Autre accident marquant, celui de Fukushima a renforcé le rôle de l’information dans l’organisation de crise gouvernementale, avec un travail en continu sur toute la durée de l’événement. Il s’agissait de faire connaître aux autorités et au public les aspects techniques ainsi que les impacts en France – aucun – et au Japon, pour les ressortissants français vivant sur place. Cette expérience est venue alimenter la réflexion de l’IRSN sur l’évolution de la doctrine de crise, en particulier l’assouplissement des stratégies de protection de la population : délimitation de périmètres, distribution d’iode…

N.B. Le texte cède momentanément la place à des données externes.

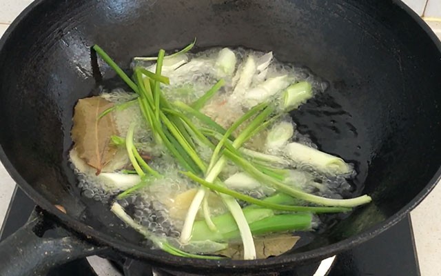 第二步:熬制葱油。准备青葱、老葱头、姜片、一个八角、两片香叶、一根大葱,锅烧热后加入食用油,待油温微微热放入所有配料小火慢熬,期间多翻动让受热均匀。炸至葱变焦黄,然后捞出杂质,把熬好的油放凉备用

Afin d’améliorer leurs méthodes de travail, la douzaine de collaborateurs de la cellule participe, en moyenne, à six exercices annuels avec pression médiatique simulée par des journalistes.

 

Une information 2.0

« La cellule s’appuie sur des retours d’expérience (Rex) pour identifier les évolutions à apporter à son organisation, précise la directrice de la communication. En effet, l’accident de Fukushima a montré la nécessité d’accroître le vivier des communicants et ces exercices sont, de ce point de vue, très formateurs. »

L’augmentation des phé­nomènes annonciateurs de crise, notamment médiatiques, a amené la cellule à renforcer sa veille Internet et à développer une stratégie de communication 2.0 : diffusion de messages via le site irsn.fr et les réseaux sociaux, notamment Twitter. Cela contribue à diminuer l’angoisse de la population en cas d’alerte.

L’information ne se limite pas aux incidents ou accidents. « Elle s’inscrit dans un continuum. Expositions, débats publics, conférences… Nous saisissons les opportunités de faire de la pédagogie pour développer la culture du risque et de la radioprotection », conclut Marie-Pierre Bigot. Aujourd’hui, l’expertise de l’IRSN dans ce domaine est de plus en plus demandée, notamment à l’international.

 

À la rencontre des riverains

​Novembre 2010 : une pollution au tritium est détectée dans une entreprise de Saint-Maur-des-Fossés (Val-de-Marne). La source est rapidement identifiée. Certains salariés sont contaminés et les riverains s’inquiètent.

Malgré le risque sanitaire faible, l’IRSN, en concertation avec l’ASN, le maire et le préfet, prend en charge les riverains souhaitant être suivis. Un expert se rend chez chacun d’eux afin de leur remettre leurs résultats d’analyse radiotoxicologique d’urine et de les rassurer : la plupart sont négatifs, une dizaine sont positifs mais sans impact sur la santé. Des experts participent à des réunions publiques avec les habitants du quartier pour les informer et répondre à leurs interrogations.